- Born: 5 May 1887 German Empire
- Died: 29 June 1974 (aged 87)
- Occupation: Artist
- Spouse: Marie Charlotte Boedecker
- Children: 3

= Erwin Aichele =

German painter

Erwin Aichele (5 May 1887 – 29 June 1974) was a German painter and animal artist from Baden-Württemberg in Southern Germany.

His life and work were the subject of a 1988 monograph, Der Tiermaler Erwin Aichele by Hans Schöner.

==Early years==

Erwin Aichele studied fine art at the State Academy of Fine Arts Karlsruhe. He continued his studies in the Academy of Fine Arts, Munich, where he was taught by the celebrated animal artist Heinrich von Zügel. In 1911, Aichele passed his art teaching diploma and started work at the jewelry school in Pforzheim, Southern Germany.

==War years==
In 1915, Aichele joined the army and was sent to France as part of a communications team. His talent in draughtsmanship came to the notice of his commanding officer and he was given the official function of war artist. Most of his surviving war drawings were executed in 1916 when, as part of the Third Battery FAR 185, he was stationed in Liry in Champagne. In June 1916, the troops moved to northern France.

Aichele's drawings depict places such as Achery, Doingt, Laon, Vraignes, Soissons. On each drawing he made a precise note of place, time and subject. His preferred media included pencil, ink, charcoal and coloured pastels. Although he witnessed the horrors of war, little of this appears in his drawings. They are dispassionate and betray no feelings of hate, horror or despair.

Aichele's last drawing in France is dated May 1918, shortly before a wound and nervous breakdown caused him to collapse into a coma. He was transferred to a military hospital in Polzen, Pomerania, and started drawing again during his convalescence. He returned home on the signature of the armistice.

==Career==
Aichele resumed his teaching activities at Pforzheim's jewelry school. He also began painting again, focusing on wildlife and the semi-domesticated animals he reared. He worked in various media, including watercolours, oils, charcoal and pen and ink.

In 1934, Aichele was put in charge of the animal drawing class at the State Academy of Fine Arts Karlsruhe. He was professor of the academy between 1936 and 1944.

In 1940, Aichele left the Pforzheim jewelry school in order to teach at the town's School of Decorative Arts. His work was interrupted in the last years of the war when he was drafted into the Volksturm or Home Guard. He avoided joining the Nazi Party for the duration of the Third Reich. He continued to teach at the Institute of Decorative Art until 1952; he was director of the institute for some of this time.

In the 1950s, he increasingly turned towards abstraction, though still using animals as his models.

In 1931, Erwin, his wife, Marie Charlotte, and three children moved into their new home in the kuenstlerkolonie (artists colony) in the village of Eutingen, near Pforzheim. The house had an adjoining atelier and animal enclosures.

==Exhibitions==
In 1921, he participated for the first time in an exhibition at the Glaspalast (Munich), (the Glass Palace in Munich). Afterwards, he took part in other group shows. His work was also displayed in solo exhibitions, especially in southern Germany.

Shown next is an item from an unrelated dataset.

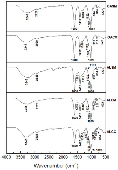 3.2. Preparation and Characterization of Sodium Alginates and Their Derivatives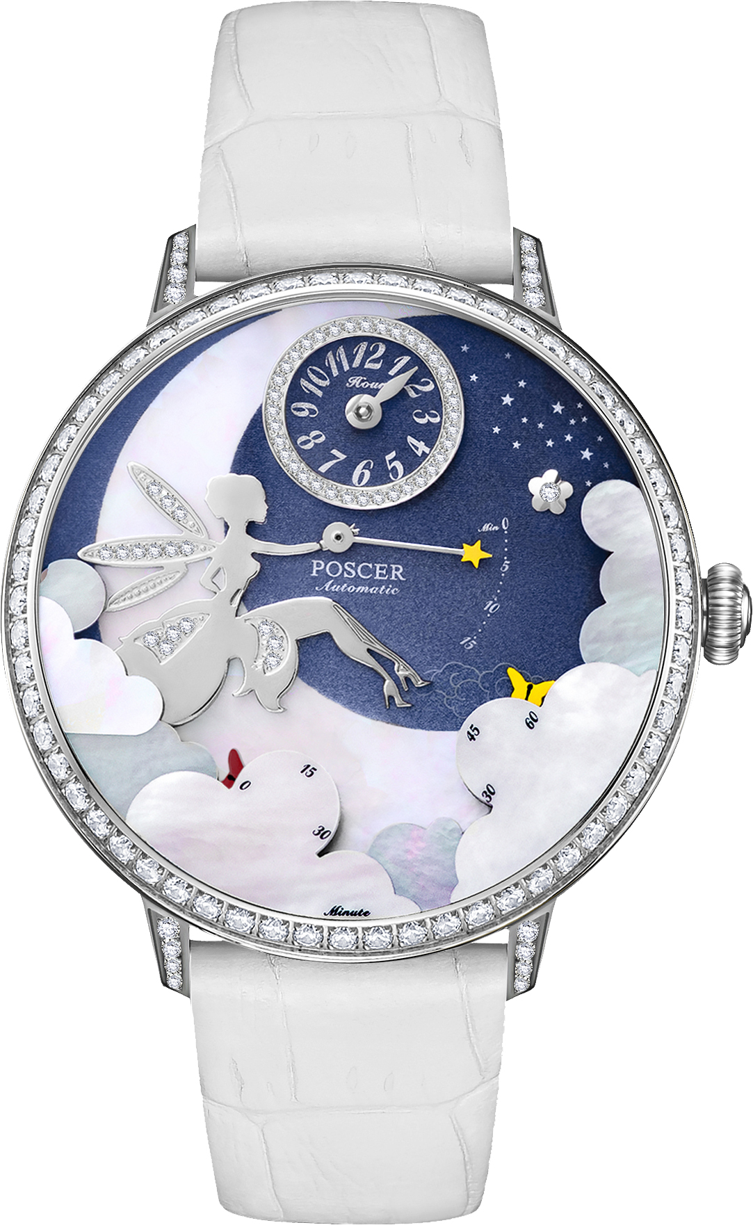 该款腕表采用仙子的形象,将人们内心对于美好事物的期许表达在方寸间。表盘中,一轮新月悬挂夜空,仙子在云海中挥舞着手中的魔法棒,15分钟一飞返,盘面配以3D打印技术打造的渐变星空表面设计,生动真实,细节之处彰显品质,伴随着夜色仙子挥动双翼飞驰过新月,彩蝶、鲜花等美好生灵环绕她身边,唯美梦幻。

In 1955, his work was exhibited in Paris for the first time.

==Honours==

In 1974, Aichele was made honorary citizen of Eutingen. The main road in the kuenstlerkolonie was renamed Erwin-Aichele-Strasse.

In 1988, the Society of Fine Art in Pforzheim honoured him with a retrospective: to mark the occasion, the publishing house, Hans Schöner, published a monograph with reproductions of his works.

In 2009, an exhibition in southern Germany brought together the works of Aichele, his son, Wolfram Aichele and six of his artist grandchildren, Mathias Diebold, Nikolaus Diebold, Fridolin Diebold, Irmgard Jeserick, Benedikt Aichele and Alexandra Milton.

A book by British author, Giles Milton, Wolfram: The Boy Who Went To War, is an account of the Eutingen childhood and adolescent war years of his second son, artist Wolfram Aichele. It includes material about Aichele's life before and during the Third Reich.